MATERIAL FOR THE TASK:
*** Begin section ***
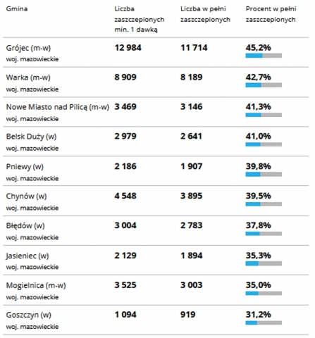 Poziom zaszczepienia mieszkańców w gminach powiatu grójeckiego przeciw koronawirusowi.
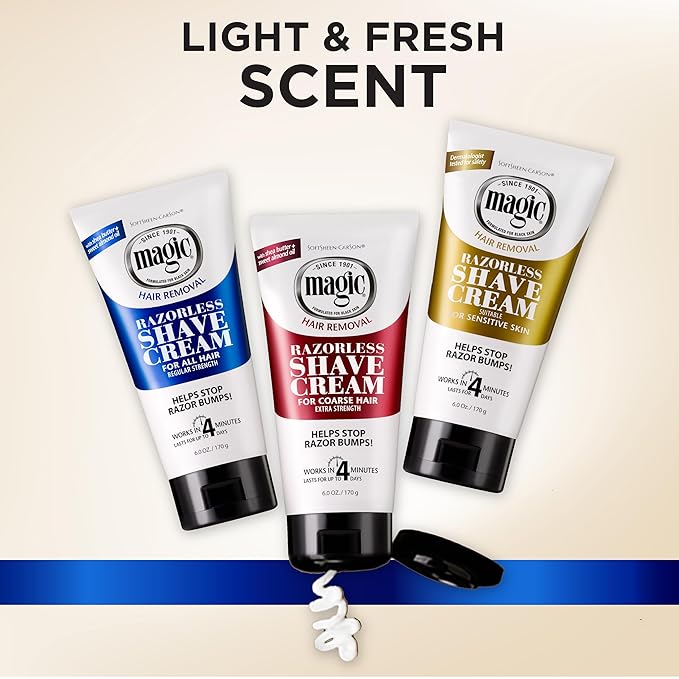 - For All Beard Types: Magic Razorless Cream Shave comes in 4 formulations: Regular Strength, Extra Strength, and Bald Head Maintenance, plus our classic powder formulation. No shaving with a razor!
*** End section ***
*** Begin section ***
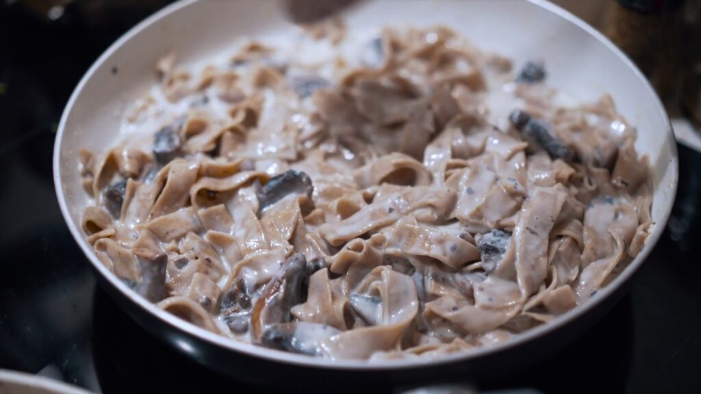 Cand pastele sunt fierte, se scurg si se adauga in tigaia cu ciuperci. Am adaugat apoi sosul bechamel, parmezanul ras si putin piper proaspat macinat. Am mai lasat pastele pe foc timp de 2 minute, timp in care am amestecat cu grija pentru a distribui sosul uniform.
*** End section ***
WHAT IS REQUIRED: The line holding "Poziom zaszczepienia mieszkańców" starts the copy and the line holding "- For All Beard" ends it. Repeat those two lines above and all between them exactly, leaving out pictures.

RESPONSE:
 Poziom zaszczepienia mieszkańców w gminach powiatu grójeckiego przeciw koronawirusowi.
 - For All Beard Types: Magic Razorless Cream Shave comes in 4 formulations: Regular Strength, Extra Strength, and Bald Head Maintenance, plus our classic powder formulation. No shaving with a razor!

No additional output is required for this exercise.